Description of the task:
Only one stretch of the data should be retyped: the lines from the line containing "Famous Dave Ensign" through the line containing "男性向けラノベタイトル風あだ名 | 『ヤナセトウヤアートオンライン』 |". Keep pictures out of it.

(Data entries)
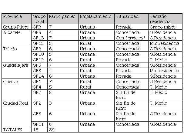 La muestra intencional incluyó un total de quince residencias de mayores situadas en la región de Castilla-La Mancha. Se trata, en todos los casos, de residencias de gestión privada de los servicios. Se excluyeron de la muestra todas las residencias de titularidad completamente pública, pues estos centros no tienen en plantilla trabajadoras únicamente con certificados profesionalidad, regulados por el Ministerio de Empleo.
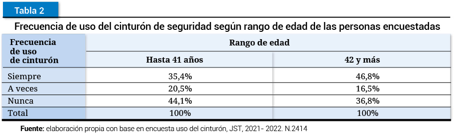 Fuente: elaboración propia con base en encuesta uso del cinturón, JST, 2021- 2022. N.2414
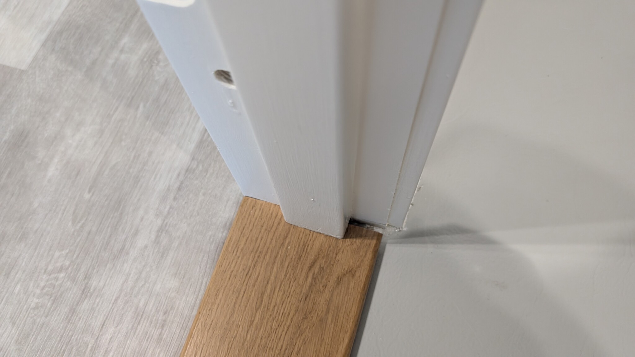 Dock matchar dom inte perfekt. Några detaljer kan jag såga till för att få in dom i dörröppningen, men på ena sidan så räcker inte tröskeln hela vägen utan det saknas någon cm vilket stör mig enormt (bifogat bild på det. Ena bilden visar att ena sidan är dörrkarmen bredare och då räcker inte tröskeln till)
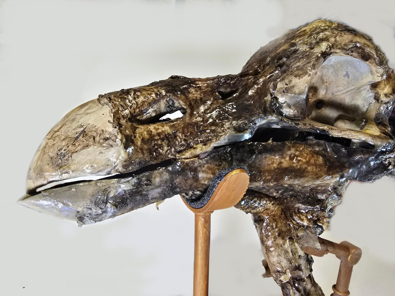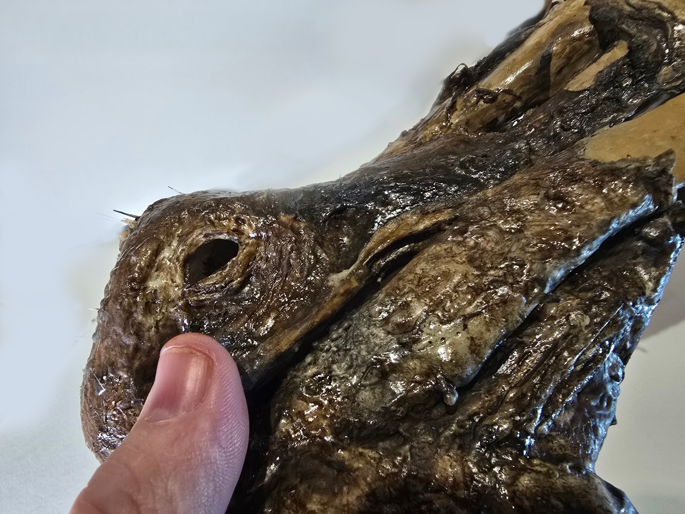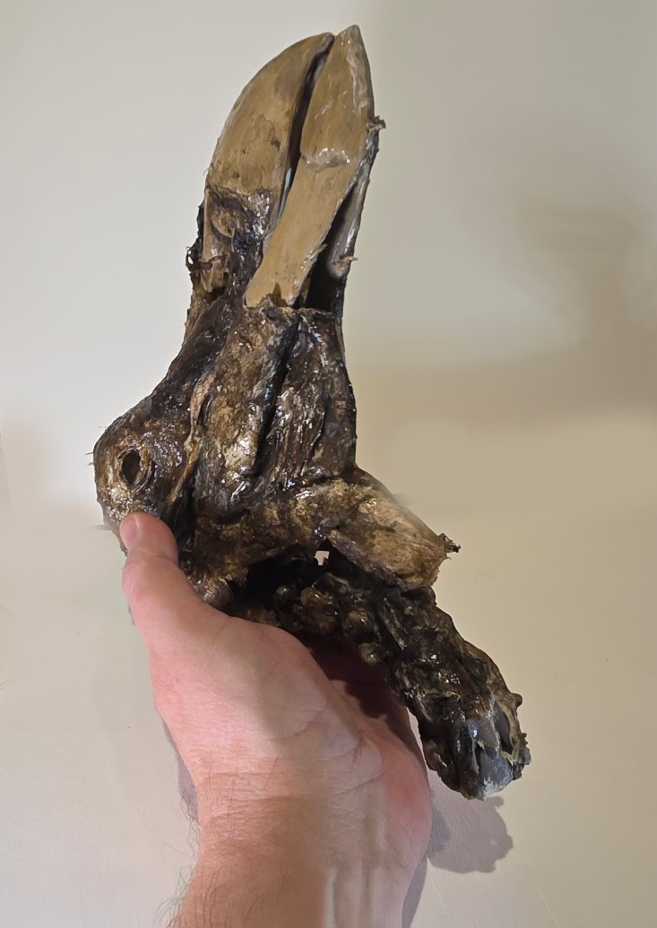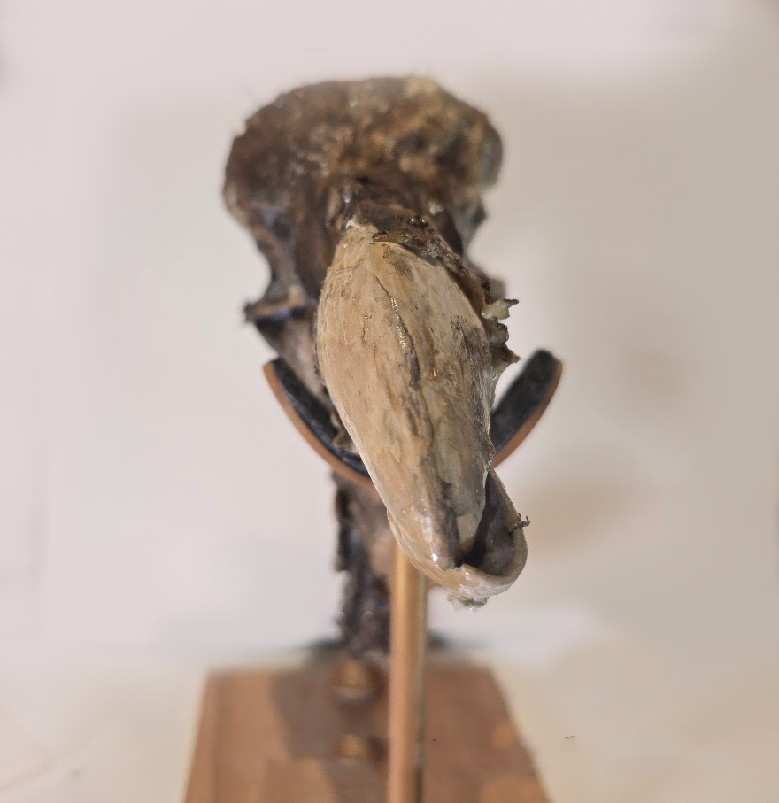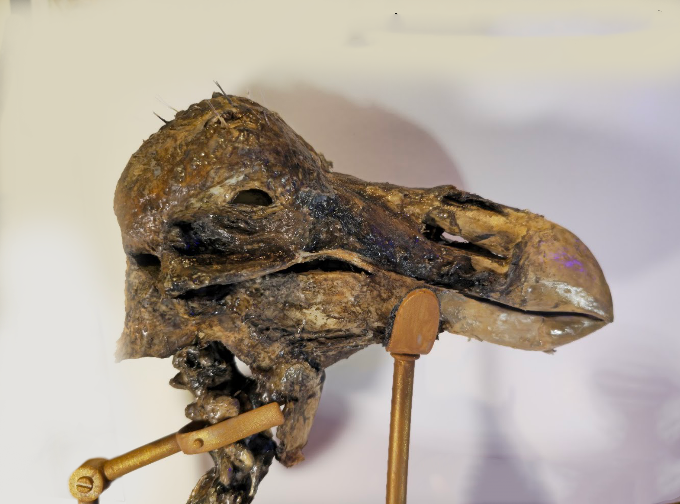 "Step right up, ladies and gentlemen, and feast your eyes upon a most extraordinary specimen—a mummified Dodo head, the very essence of a bygone age! This peculiar bird, a flightless marvel of nature, hails from the verdant isle of Mauritius, where it once strutted with regal aplomb before succumbing to the relentless tide of human progress. Behold its stout beak, an enigma of evolution, and the delicate remnants of plumage that tell tales of a time long lost. Gaze upon this curious treasure, a striking reminder of the fragility of life and the wonders of our natural world! Come, marvel at the Dodo—a symbol of both whimsy and woe, preserved for eternity in our grand display of nature's most fascinating curiosities!" - World Famous Dave Ensign
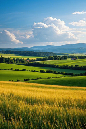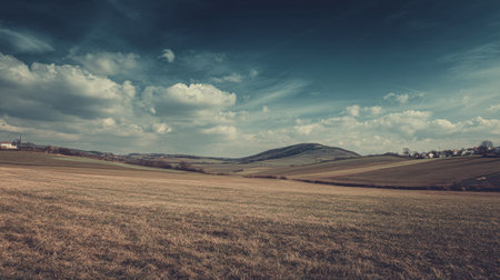 Discover a breathtaking rural landscape featuring rolling hills and vast fields beneath a vibrant blue sky filled with soft, fluffy clouds, perfect for outdoor enthusiasts.
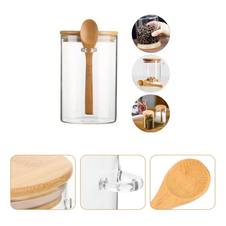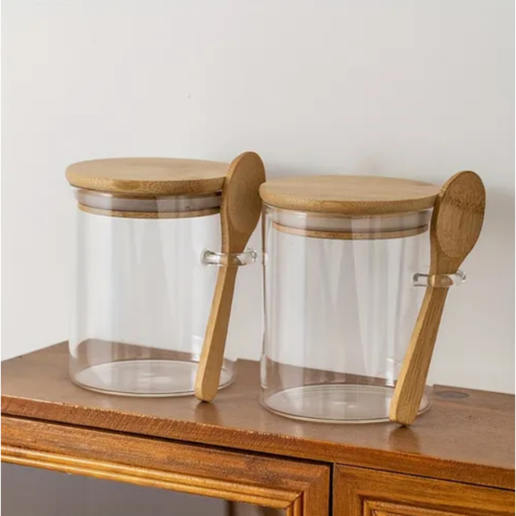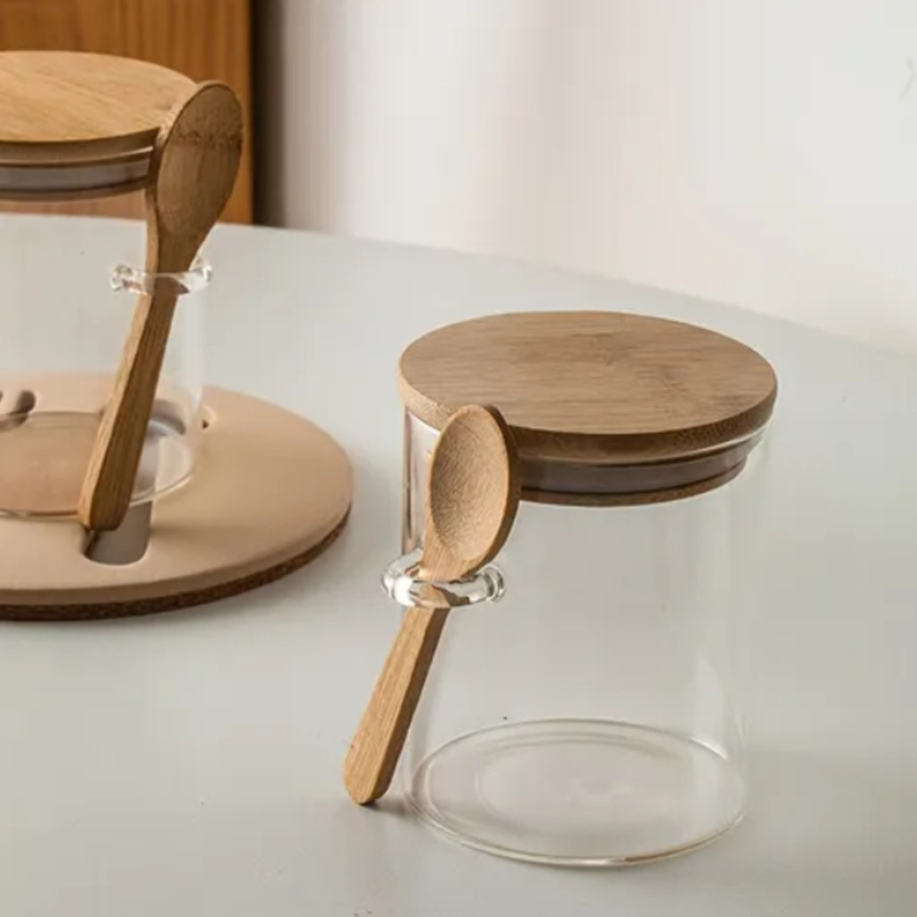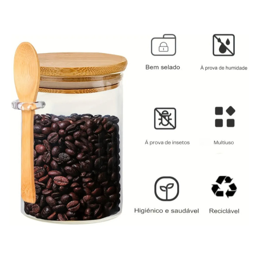 Kit 2 Pote De Vidro Hermético Redondo Com Colher Tampa Bambu
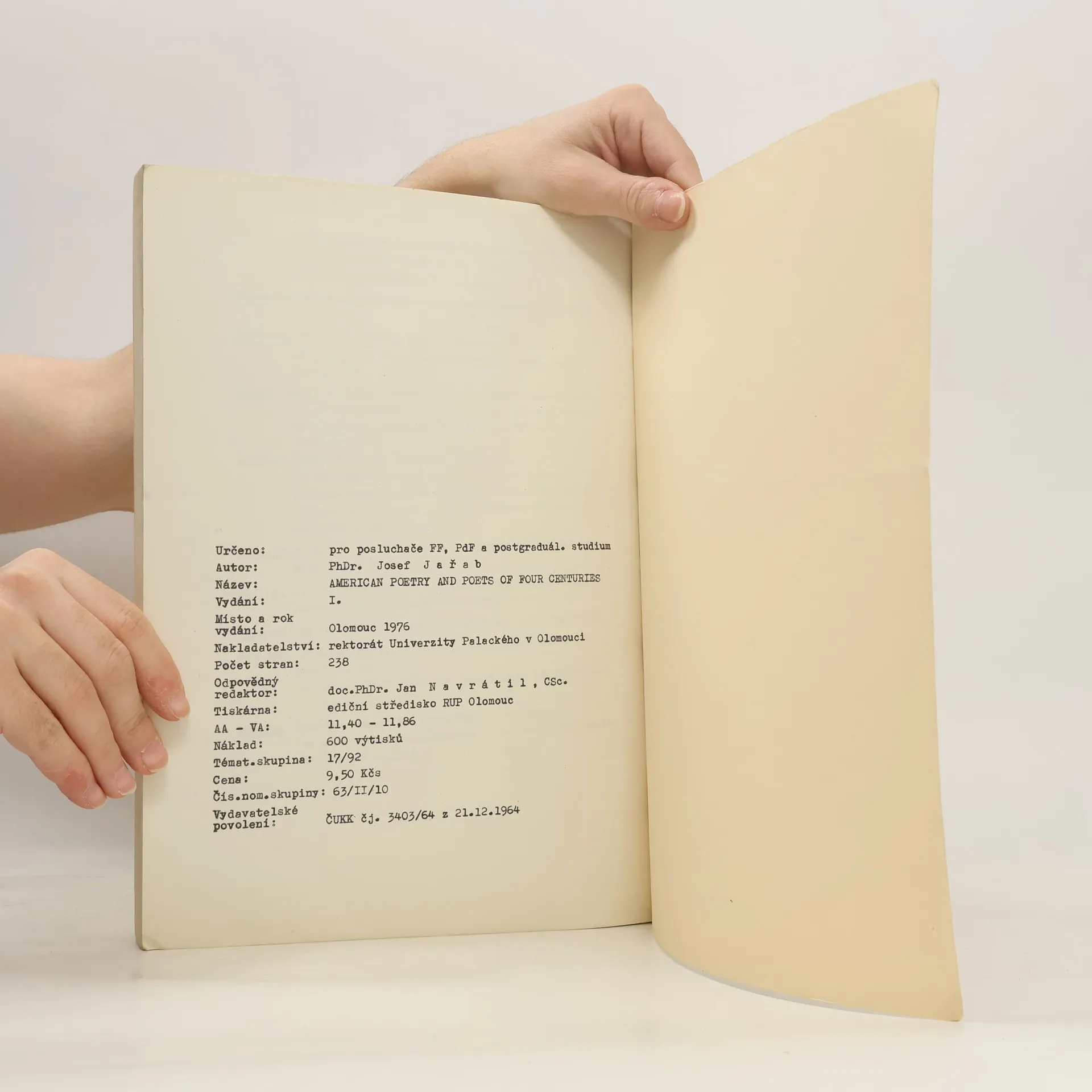 American Poetry and Poets of Four Centuries, Josef Jařab
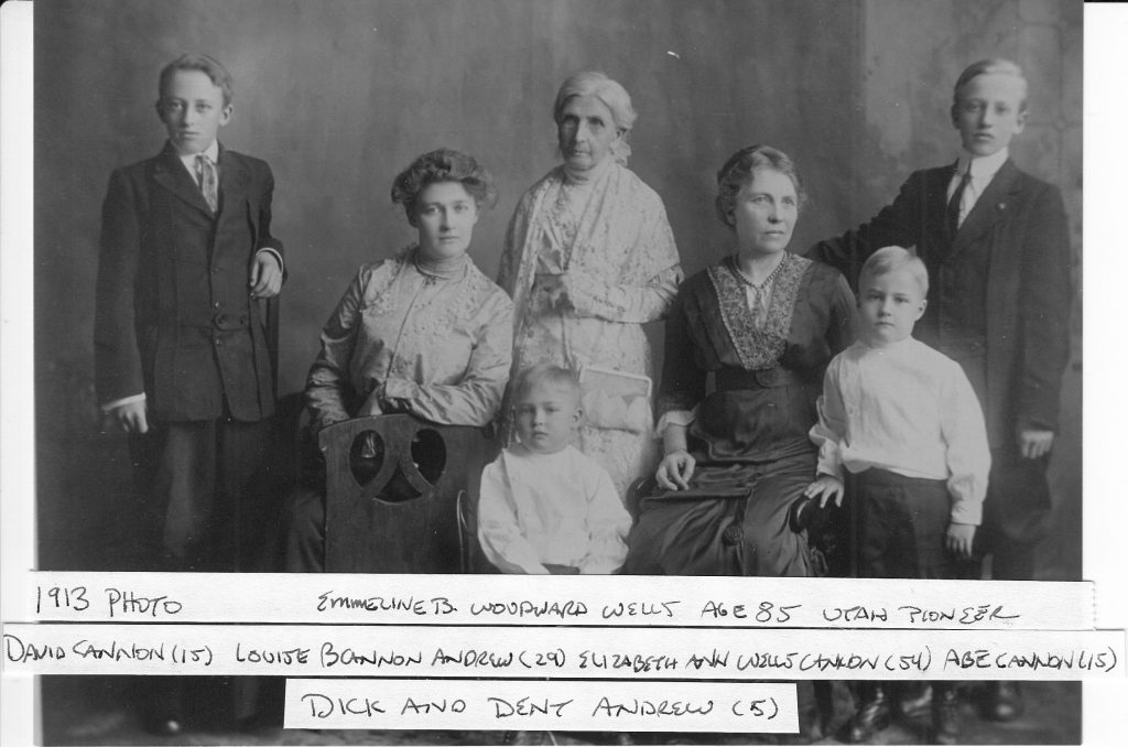 They were all first generation converts to Mormonism following the church’s instruction to gather together to their new mountain home. The Cannons, Andrews, Croxalls, Hoggs, and McLeans were first generation Americans who crossed the Atlantic from England and Scotland after their conversion to Mormonism in Europe. William Lowe was also an English immigrant who came to the St. Louis area early enough to serve in the Union army during the US Civil War. The Hoaglands, Daniel Wells, Emmeline Woodward, and Nannie Farley Lowe descended from colonial immigrants who arrived in the New World as early as 1610 in Jamestown and 1620 on the Mayflower.
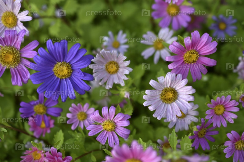 Ковер из разноцветных цветов. Бледно-розовые цветы комеи на клумбе. Много красивых цветов
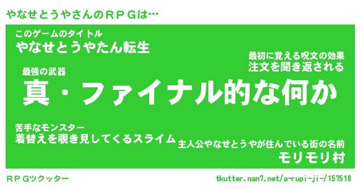 | 男性向けラノベタイトル風あだ名 | 『ヤナセトウヤアートオンライン』 |
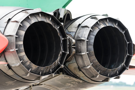 Rear of jet engine of Airbus A-320 commercial airplane with exhaust pipe in the foreground
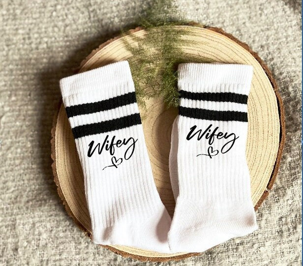 Wifey Wedding Day Socks, have the whole wedding party matching, with these special keepsake socks, just let us know. Wear these comfy sports style socks the morning of the wedding or as part of a hen weekend or show off your newly married status on your honeymoon.
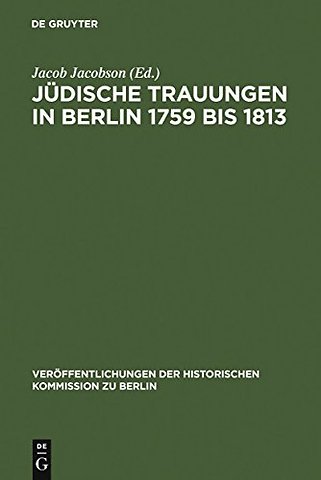 Judische Trauungen in Berlin 1759 bis 1813
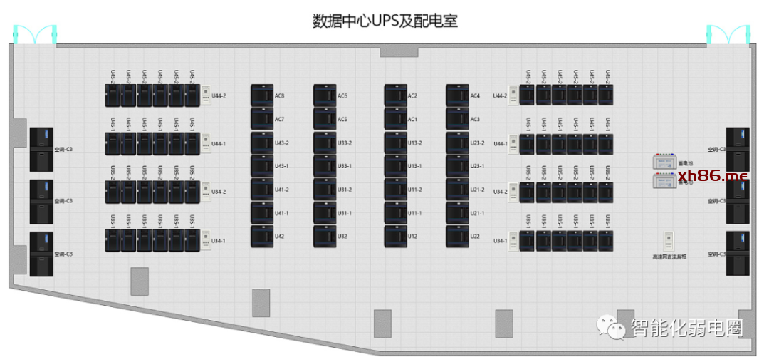 对于进深较大的通信机房,为了空调送风均匀,需要增加送风管,机房上部因通信走线桥架、空调风管、照明灯具等的布置,显得比较杂乱,没有下送风方式机房整齐美观。
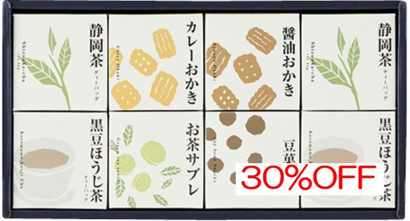 商品内容:内容/緑茶ティーバッグ:2.5g×7P×2・黒豆ほうじ茶ティーバッグ:2.5g×7P×2・豆菓子(黒ごま味):45g×1・カレーおかき:24g×1・醤油おかき:24g×1・お茶サブレ:3本×1《卵・乳・小麦・落花生》

Task output:
 "Step right up, ladies and gentlemen, and feast your eyes upon a most extraordinary specimen—a mummified Dodo head, the very essence of a bygone age! This peculiar bird, a flightless marvel of nature, hails from the verdant isle of Mauritius, where it once strutted with regal aplomb before succumbing to the relentless tide of human progress. Behold its stout beak, an enigma of evolution, and the delicate remnants of plumage that tell tales of a time long lost. Gaze upon this curious treasure, a striking reminder of the fragility of life and the wonders of our natural world! Come, marvel at the Dodo—a symbol of both whimsy and woe, preserved for eternity in our grand display of nature's most fascinating curiosities!" - World Famous Dave Ensign
 Discover a breathtaking rural landscape featuring rolling hills and vast fields beneath a vibrant blue sky filled with soft, fluffy clouds, perfect for outdoor enthusiasts.
 Kit 2 Pote De Vidro Hermético Redondo Com Colher Tampa Bambu
 American Poetry and Poets of Four Centuries, Josef Jařab
 They were all first generation converts to Mormonism following the church’s instruction to gather together to their new mountain home. The Cannons, Andrews, Croxalls, Hoggs, and McLeans were first generation Americans who crossed the Atlantic from England and Scotland after their conversion to Mormonism in Europe. William Lowe was also an English immigrant who came to the St. Louis area early enough to serve in the Union army during the US Civil War. The Hoaglands, Daniel Wells, Emmeline Woodward, and Nannie Farley Lowe descended from colonial immigrants who arrived in the New World as early as 1610 in Jamestown and 1620 on the Mayflower.
 Ковер из разноцветных цветов. Бледно-розовые цветы комеи на клумбе. Много красивых цветов
 | 男性向けラノベタイトル風あだ名 | 『ヤナセトウヤアートオンライン』 |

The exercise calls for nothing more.